Jacques Lacan, Le Séminaire. Livre XII. Problèmes cruciaux pour la psychanalyse (1964-1965), J.-A. Miller éd., Champ Freudien & Seuil, 2025 (406 p.).

Séminaire de toutes les ruptures, le livre XI s’efforçait de rétablir les fondements de la psychanalyse en mobilisant les notions classiques d’inconscient, de répétition, de transfert et de pulsion. Séminaire de toutes les audaces, le livre XII veut la refonder par une formalisation plus conceptuelle, empruntée à la science topologique. Intitulé Problèmes cruciaux pour la psychanalyse, ce livre est la transcription de seize séances tenues à l’École normale supérieure en 1964-1965.

Partant du rapport du sujet au langage, se développant sur le rapport du sujet au réel et au symptôme, il se conclut sur le rapport au désir avec le concept d’objet a. « Le terme d’homme, résume Lacan (p. 109-110), comment ne serait-il pas ambigu ? – puisque le sujet n’en a point épuisé le sens, et que, plus que jamais en ce tournant historique où nous sommes, il vit ce sens en vacillant. Il lui faut donc suivre des chemins contournés sur eux-mêmes, passer par des tours et des retours, par l’expérience initiale du semblable, et par l’aliénation, et par l’inconnu de la demande, avant de conclure à l’identification du Je suis un homme ».  

La recherche de cette identification correspond précisément à la structure dialectique du séminaire. Les cinq premières séances (p. 11-121), s’ouvrant sur une discussion des Structures syntaxiques de Chomsky, traitent du sujet relativement au langage et énonce le principe que « c’est dans le rapport au langage que le sujet détermine sa structure » (p. 108). Dans un deuxième temps, « la topologie [étant jugée] essentielle à la structure du langage » (p. 30), les séances VI à XI (p.125-249) analysent « le sujet dans son rapport au signifiant et à l’objet a » par l’intermédiaire d’éléments topologiques : bande de Möbius, bouteille de Klein, le trou, le tore et autres concepts semblables. Les cinq dernières séances (p. 253-338) reviennent sur l’expérience analytique elle-même à partir de la triade « sujet, savoir et sexe » : « Être psychanalyste est une position responsable, la plus responsable de toutes. Le psychanalyste est, en effet, celui à qui est confiée l’opération d’une conversion éthique radicale, celle qui introduit le sujet à l’ordre du désir – ordre dont (…) il est resté exclu. Il est à savoir quelles sont les conditions qui sont requises pour que quelqu’un puisse se dire : Je suis psychanalyste » (p. 253).
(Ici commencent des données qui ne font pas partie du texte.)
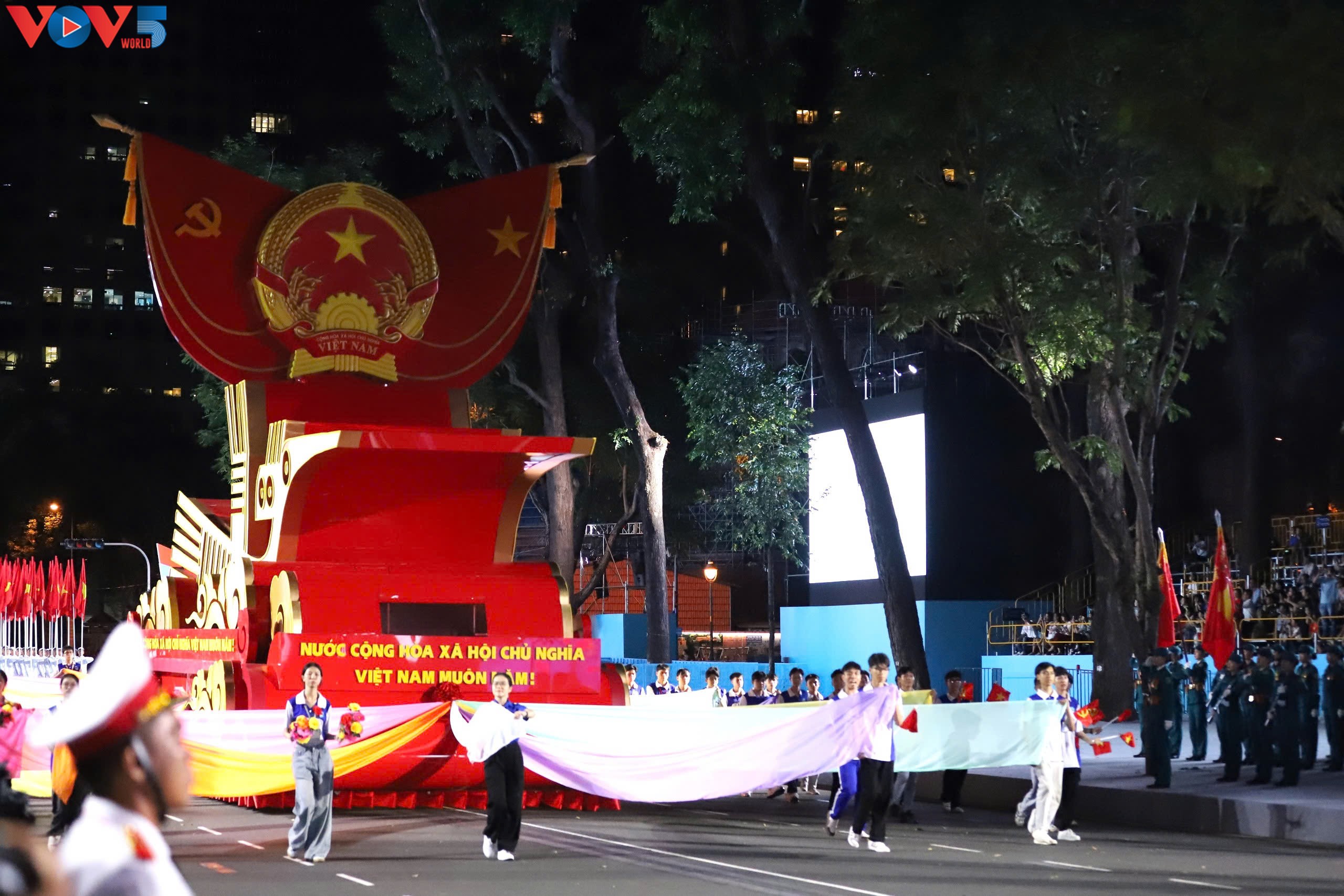 | Lần thứ hai tổ chức tổng hợp luyện diễu binh, diễu hành tại TP.HCM, đã có sự tham gia của màn đồng diễn nghệ thuật chào mừng. |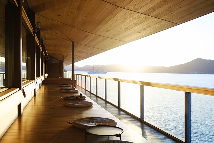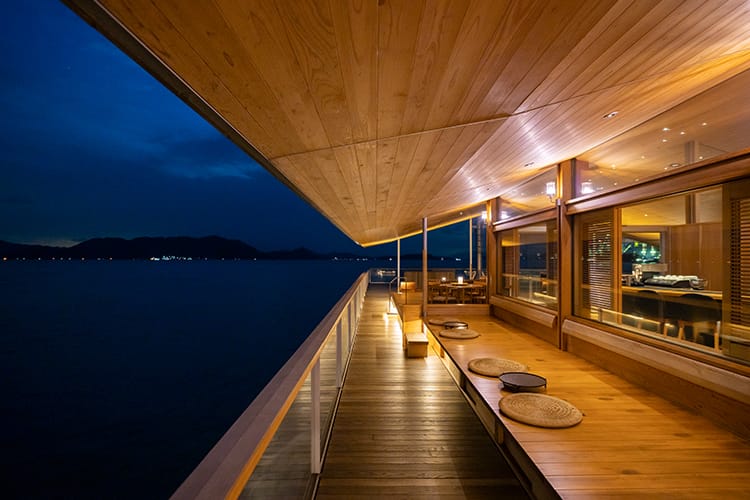 客船には珍しい縁側。点在する島々や、船が行き交うせとうちの日常の光景に浸りながら、昼はぜんざいなどの季節の甘味を、夜は料理長おすすめの肴を。その時季にぴったりの縁側のメニューをお楽しみください。

Au texte du Séminaire s’ajoutent des annexes comportant le dialogue qu’eut Lacan avec ses auditeurs lors des séminaires dits fermés, le compte rendu du séminaire pour l’annuaire de l’H.P.H.E. et une notice de Milner sur les surfaces topologiques (395-398).  

Critique des traditions psychologiques et philosophiques, pratique psychanalytique, relectures étonnantes de Platon et de Descartes, de Russell et de Husserl, lecture de La Pensée sauvage de Lévi-Strauss, invention de concepts inspirée de la topologie, etc., ce séminaire est d’une richesse qui fait comprendre la fascination que Lacan put exercer sur son auditoire – fascination d’autant plus grande qu’il exposait l’intelligence qu’il avait lui-même des limites de son entreprise théorique : « Dans la voie de la formalisation, ce qu’on cherche à exclure, c’est le sujet. Seulement nous, analystes, notre visée doit être exactement contraire, puisque le sujet est le pivot de notre praxis » (p. 20-21).